<div style="background-color:rgb(255, 250, 240); padding:10px 0;  border: 1px solid lightgrey; padding-left: 1em; padding-right: 1em;">
    
# Binder Tutorial Workflow

### <font color='red'>To begin: Click 'Run' on the toolbar (or shift-enter). Alternatively click Kernel, Restart and Run All.</font> 

**Workflow:** This is a typical metabolomics data analysis of a binary classification outcome.

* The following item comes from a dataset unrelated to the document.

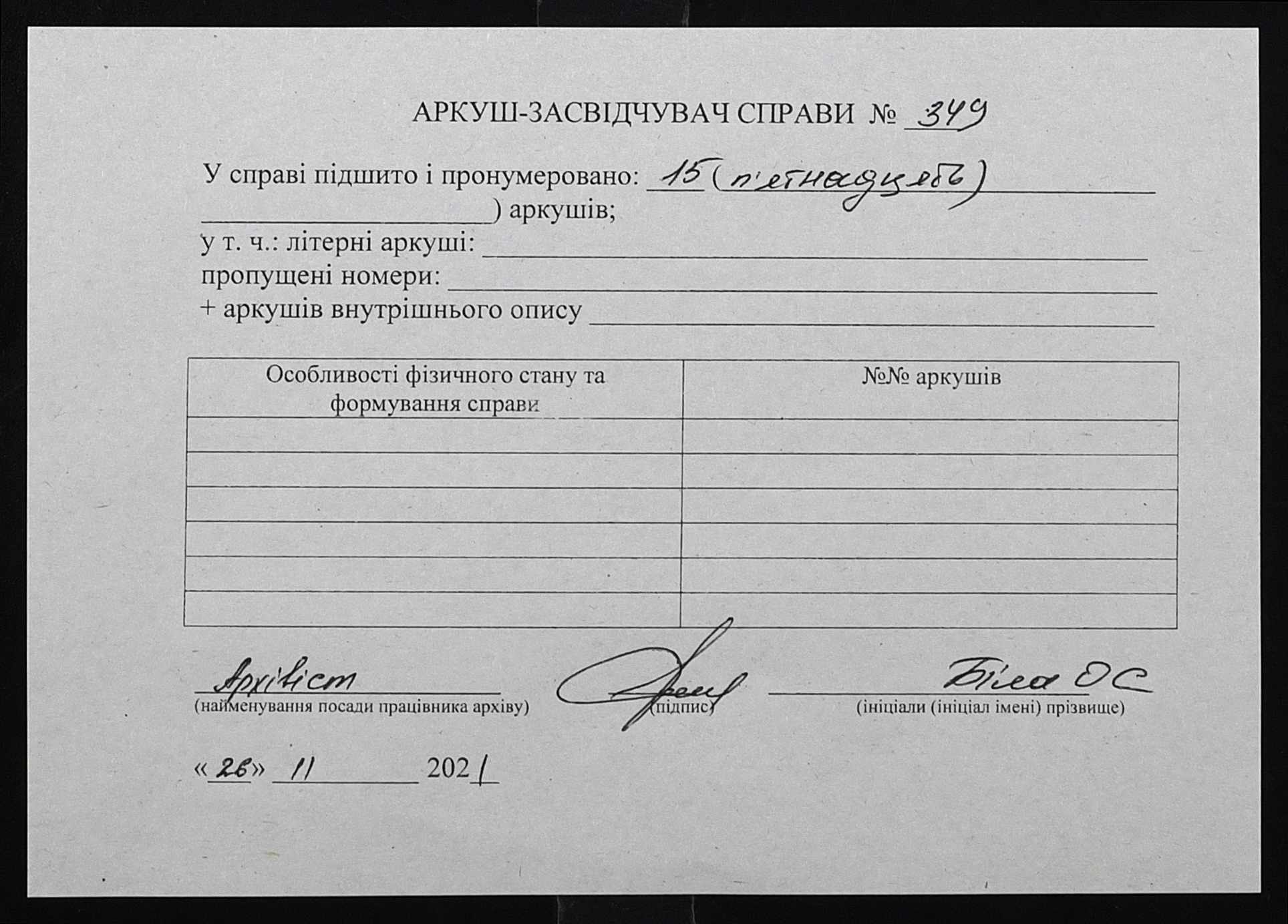 ◦ ◦ ◦ Опис № 1 справ постійного зберігання за 1847-1852, 1858, 1868-1869, 1871-1919, 1922 роки

The main steps included are: data import, QC-based data cleaning, PCA visualisation to check QC precision, univariate statistics, multivariate analysis using PLS-DA (including model optimisation, model calculation and visualisation, and feature selection), and results export.

**Dataset**: The dataset used for this tutorial has been previously published [REF] and deposited onto Metabolomics Workbench, http://www.metabolomicsworkbench.org, Project ID PR000699. The data can be accessed directly via its project DOI:10.21228/M8B10B. 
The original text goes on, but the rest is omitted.